As of 2017 no elementary schools are imminent for Kensington or Elk Point, though land has been set aside in both communities for future public and Catholic schools.

In addition, the sector initially included the Yarrow Youth Farm, a provincial correctional facility for at-risk youth. Although initially expected to continue operations despite the annexation and development of the Kensington residential community on three sides, the Saskatchewan government subsequently closed the 40-acre facility on Neault Road, north of the former alignment of 33rd Street, transferring its programs to another facility in Saskatoon, and put the land up for sale in 2015.

==Other services==
- A "District Centre" is planned in Neighbourhoods 6 and 7
- The sector contains the Smithville Cemetery, which dates back to 1901 and was annexed by the city with the rest of the sector region. It is located on 22nd Street (Highway 14), west of Range Road 3063.

==Transportation==
22nd Street (Highway 14) is a major thoroughfare through Saskatoon. Highway 14 connects with Asquith, Biggar Wilkie, Unity, and Macklin en route to Alberta. The area is also accessed by Highway 7, which links Saskatoon to Calgary, Alberta and the west coast, and Secondary Highway 684, also known as Dalmeny Road but officially renamed Neault Road in 2012, which was annexed by the city and provides a connection to Yellowhead Highway 16 and the town of Dalmeny.
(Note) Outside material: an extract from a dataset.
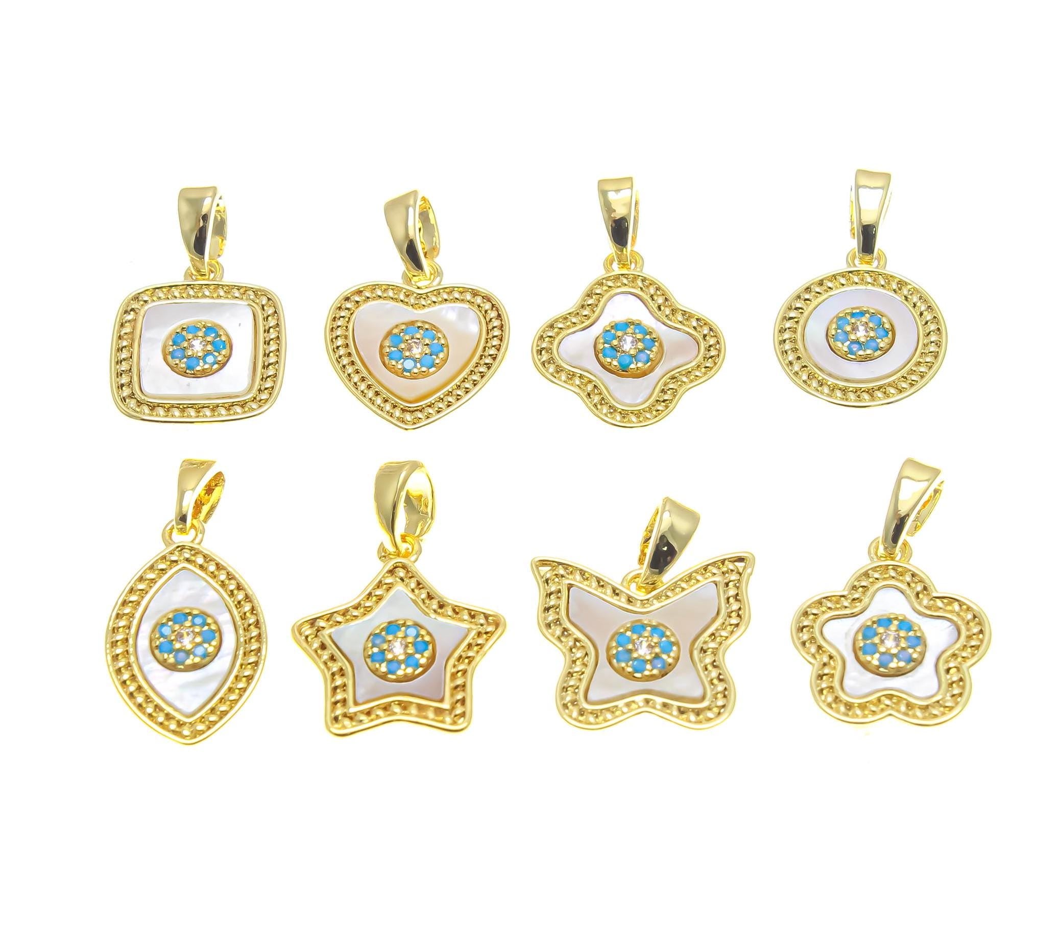 18k Gold Mother of Pearl Inlay Charm, Gold Inlay MOP Geometric Charm, CZ Pave Turquoise Detail Charm, For Jewelry Making, CPG2270-77

Highway 7 has been realigned to connect with Highway 14/22nd Street/Highway 684 at an at-grade intersection that will be eventually replaced by an interchange. For several years Highway 7 entered the area via Betts Avenue within the Blairmore Urban Centre region, but this link has now been removed; the road's original alignment where it joined 22nd Street prior to the mid-2000s has been replaced with residential development and the area's recreation centre and high schools.

The only other main road currently servicing the sector is the western leg of 33rd Street West, which according to the city's October 2008 Projected Growth Map is slated to eventually be replaced by an extension of the Claypool Drive thoroughfare; originally an east-west roadway, beginning in 2012 the road was realigned to allow for development of Kensington. The western boundary of the sector is marked by a transportation/utility corridor adjacent to the current western city boundary, set aside for future construction of a perimeter highway.

===City transit===

The Blairmore Urban Centre is served by Route 23 on weekday peak hours and during the day. Service will presumably be expanded as the sector is developed.